Miscanthus x giganteus is an erect, warm-season grass that has a C4 photosynthetic pathway. It is a very cold-tolerant warm season grass that will develop leaves at temperatures below 50 °F and has survived winters with temperatures below -10 °F. As a sterile hybrid that produces no seed, it must be propagated vegetatively. The general appearance of the plant is that of a loose bunchgrass, but it will spread slowly via short rhizomes (horizontal underground stems) that can form dense stands. Stems are 5 to 12 feet tall with very deep roots.
Figure 2. Stand of Miscanthus x giganteus at peak growth in Illinois.

Production

Miscanthus x giganteus must be established vegetatively from rhizome pieces, which results in high establishment costs. Presently, no commercial mechanical planters are available in the U.S., but potato planters have been successfully modified for planting Miscanthus x giganteus rhizomes. Rhizomes should be planted approximately 4-inches deep and 3-feet apart within rows, and 3-feet between rows (approximately 4,840 rhizomes per acre). Weed control is critical for rapid establishment. Fertilization during establishment is not recommended because it only encourages weed growth. Maintenance fertilization (approx. 50-75 pounds of N per acre per year based on some European studies) is required after establishment. The top growth can be harvested in the second year after planting. Maximum yields should be obtained within 3 years on fertile sites. Replanting may be necessary after about 15 years. The crop requires about 25 inches of water per year to survive (but more to be highly productive), tolerates brackish water, and uses a minimal amount of nutrients from the soil. It can be harvested following maturity in the fall and before regrowth in the spring with a sugarcane harvester or a modified forage harvester.

Potential Yields

Miscanthus x giganteus has shown relatively high dry matter yields of 5 to15 tons per acre in nonirrigated studies after stand development (two to four years). Yields were limited on shallow, droughty, or waterlogged soils and at higher latitudes. In the Midwestern United States, it has been shown to produce two to three times the yield of Cave in Rock switchgrass across a range of soil and environmental conditions. There is no documented yield data for Florida.

Production Challenges

In Florida, less is known about Miscanthus x giganteus production than other potential biofuel crops such as sugarcane, sweet sorghum and elephantgrass (napiergrass), which have been more widely studied for biomass and agricultural production. For North Florida, an advantage of Miscanthus x giganteus compared to other warm-season grasses is its relative cold tolerance. However, plants are difficult to establish, as the planting must be done vegetatively from rhizomes. In addition, there are no established production practices for Florida. At present, there is no market in the U.S. for Miscanthus x giganteus, but as the lignocellulosic conversion to ethanol process advances and becomes more economically competitive, markets for biomass will no doubt develop.

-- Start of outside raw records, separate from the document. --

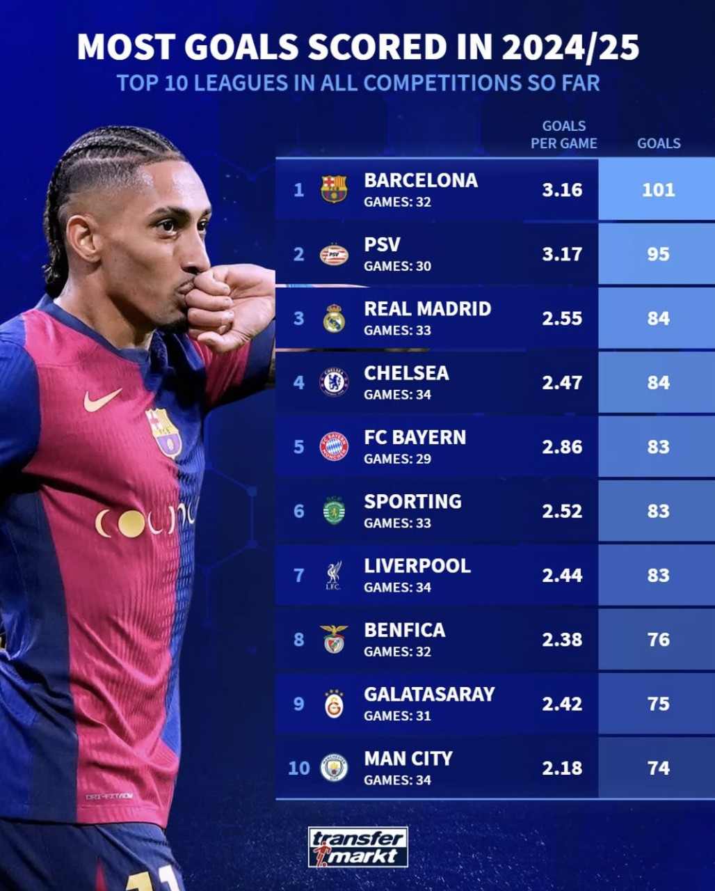 5、拜仁慕尼黑 83球 场均2.86球
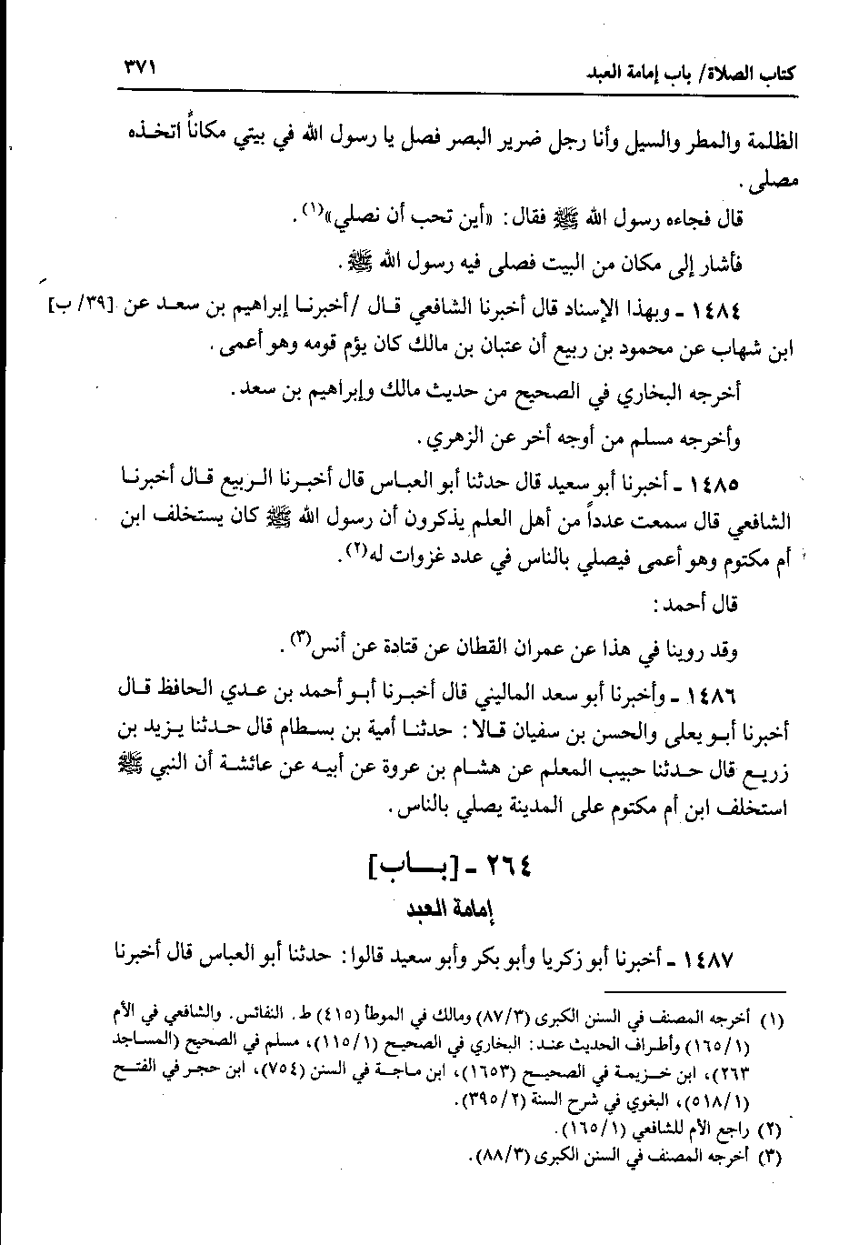 1484 - وبهذا الإسناد قال أخبرنا الشافعي قال أخبرنا إبراهيم بن سعد عن ابن شهاب عن محمود بن ربيع أن عتبان بن مالك كان يؤم قومه وهو اعمى.
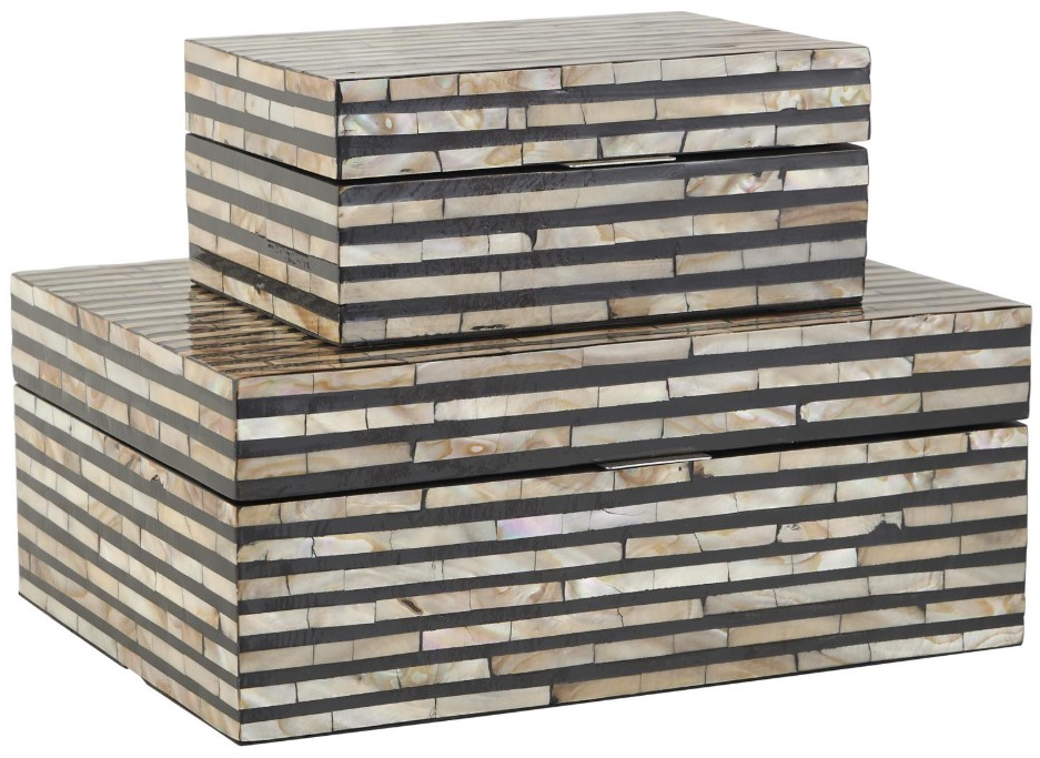 Perfect way to add depth and texture to your surface space with this compact and discreet box. A practical yet stylish upgrade that instantly elevate the look of your room. Ideal for use as a jewelry box or table centerpiece in living rooms, this beige set of 2 decorative keepsake boxes infuse any space with a laidback vibe. Designed with felt or rubber stoppers at the base that prevent scratching furniture and table tops, as well as sliding around. This item ships in 1 carton. Mother of pearl box makes a great gift for any occasion. Due to the handmade nature of this item, no two will be alike, there will be slight differences in shape, size, and color. Suitable for indoor use only. This item ships fully assembled in one piece.
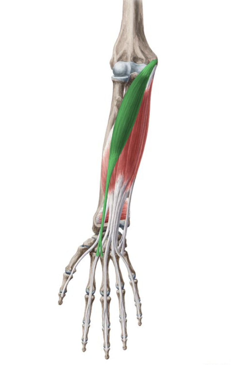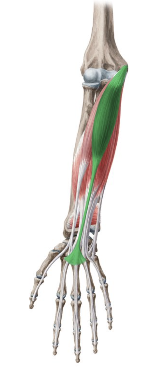 Green - extensor carpi ulnaris - extends and adducts hand
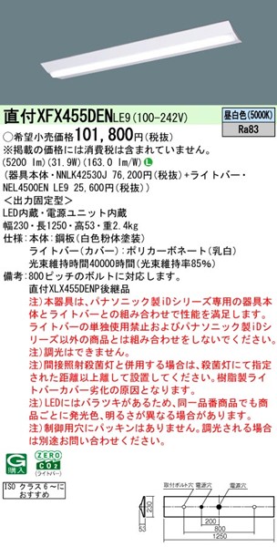 | メーカー / 型番 | パナソニック XFX455DENLE9 クリーンルーム向けベースライト 40形 逆富士型 |
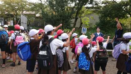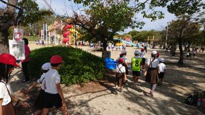 オリエンテーリングでは、各ポイントでゲームやクイズなどの活動をしています。
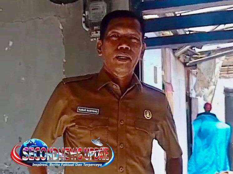 Subur Maryono kepala desa Kp.Melayu barat, kecamatan Teluknaga, kabupaten Tangerang dilokasi rumah roboh Rogaya di kp. Kali jaya RT.01 RW.10
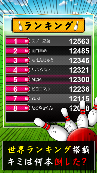 本作のルールとは「一列にズラッと並んだピンをどれだけ倒せるかを競う」というもの。画面奥に向かってフリックすることでボールを投げることができるので、思い切りいきましょう。簡単じゃんと思われるかもしれませんが、素早く且つまっすぐにフリックしないと好記録は生まれません。何度も挑戦してコツを掴んでください。
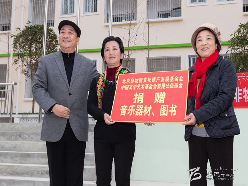 日前,全國政協(xié)委員、北京非物質(zhì)文化遺產(chǎn)發(fā)展基金會(huì)形象大使、中國文學(xué)藝術(shù)基金會(huì)副理事長(zhǎng)、中國文藝志愿者協(xié)會(huì)主席姜昆(左)和北京非物質(zhì)文化遺產(chǎn)發(fā)展基金會(huì)第一副理事長(zhǎng)史秋秋(右),率團(tuán)來我州援助學(xué)校音樂器材和圖書。圖為瀘定縣貢嘎山小學(xué)李英校長(zhǎng)(中)代表我州受贈(zèng)學(xué)校接收贈(zèng)品。(馮光福 攝影報(bào)道)
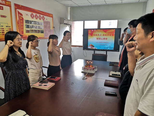 在各党支部书记的主持下,党员同志们认真学习了习近平总书记关于新冠肺炎疫情防控系列重要讲话精神,逐一分享了疫情期间令自己印象深刻的所见所闻,并交流了返校复学以来的工作经历和体验。第三党支部集中观看了《信仰-我的故事》,第四党支部为全体党员集体过“政治生日”,重温入党誓词,以此祝福中国共产党99岁生日。
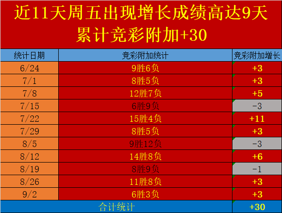 2.今天周五,周末发挥更出色,近11天周五高达9天出现增长成绩,累计竞彩附加+30,对周五赛事的分析能力确实更高一筹,周五更值得支持;
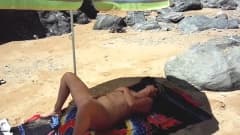 Ela vai à praia e fica totalmente nua para apanhar sol, para desfrutar o máximo de prazer que ela pode sentir em seu corpo bonito e saboroso.

Estimated Production Costs

There are no records of long term experiments in Florida with Miscanthus x giganteus, therefore production costs are not known.

Environmental Concerns

Total water use can be relatively high because of high overall biomass production. Miscanthus has been shown to increase soil carbon. Although Miscanthus x giganteus is sterile, it is non-native to the U.S. and there is some concern that it could escape and spread vegetatively with unknown consequences for native ecosystems.

Summary

Although much more research is needed on Miscanthus x giganteus production in the U.S. and Florida, it appears to offer the potential of high production with minimal known environmental impacts.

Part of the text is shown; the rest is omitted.